"Bana veda eder gibi konuşuyorsun" dedi kadın.
Bunu telefonda söyledi adama. Yüzünü görebilseydi bu söylenenlerin veda sözleri olup olmadığını kolaylıkla anlayabilirdi ve fakat yüzünü görmüyordu işte.
Kadın yüzünü görseydi adamın hiçbir şey söylemesine gerek kalmadan ne düşündüğünü anlayabilirdi. Hep böyle oldu çünkü. Kafka öykülerinden kalma karmaşık sokaklardan birinde sürekli oturdukları o masada genelde susuyorlardı.
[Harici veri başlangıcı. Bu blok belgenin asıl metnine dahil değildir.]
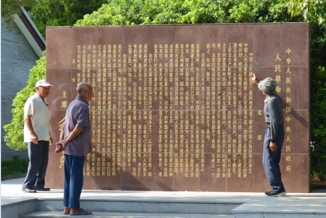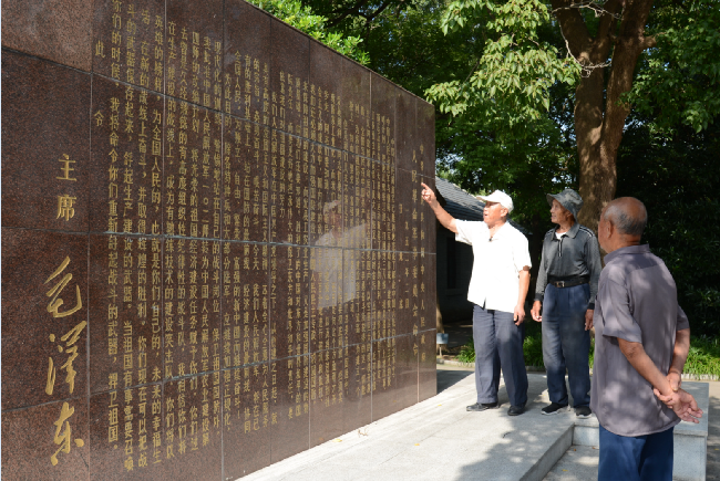 像胡铁成这3名老兵,在淮海目前只有200多人了,我们从他们的穿着、他们的行为举止上,依然看到当年农建四师将士们艰苦奋斗的身影,他们就是当年历史的“活化石”,经常陪伴着这里他们生长和战斗过的地方。每当有人来这里参观或受邀为新进大学生、学校学生进行传统教育时,他们也会走上前或欣然向往,真挚地向后人讲述着曾经的军垦故事、传统文化和其蕴含着博大精深的军垦精神。图为老兵在农建四师纪念碑和毛泽东命令碑文前的镜头。

Uzun süre birbirlerinin yüzüne bakıp, birbirlerinin ellerine bakıp -o elleri tutmak neden bu kadar zor- birbirlerinin ellerine bakıp, susuyorlardı.
"Bana veda eder gibi konuşuyorsun" dedi kadın.
"Hayır" diye cevap verdi telefonun diğer ucundaki adam.
"Veda etmek için önce bir araya gelmek gerekir. Bu acımasız hayat sana veda edebilme şansını bile çok gördü bana."
Ağlamaya başladı kadın.
Çabuk ağlayan kadınları seviyor adam. Çabuk hüzünlenen kadınları, çabuk telaşa kapılan kadınları seviyor. Daha cümle bitmeden, son harf dudakların ucundan kopmadan gözleri yaşla dolan kadınları seviyor.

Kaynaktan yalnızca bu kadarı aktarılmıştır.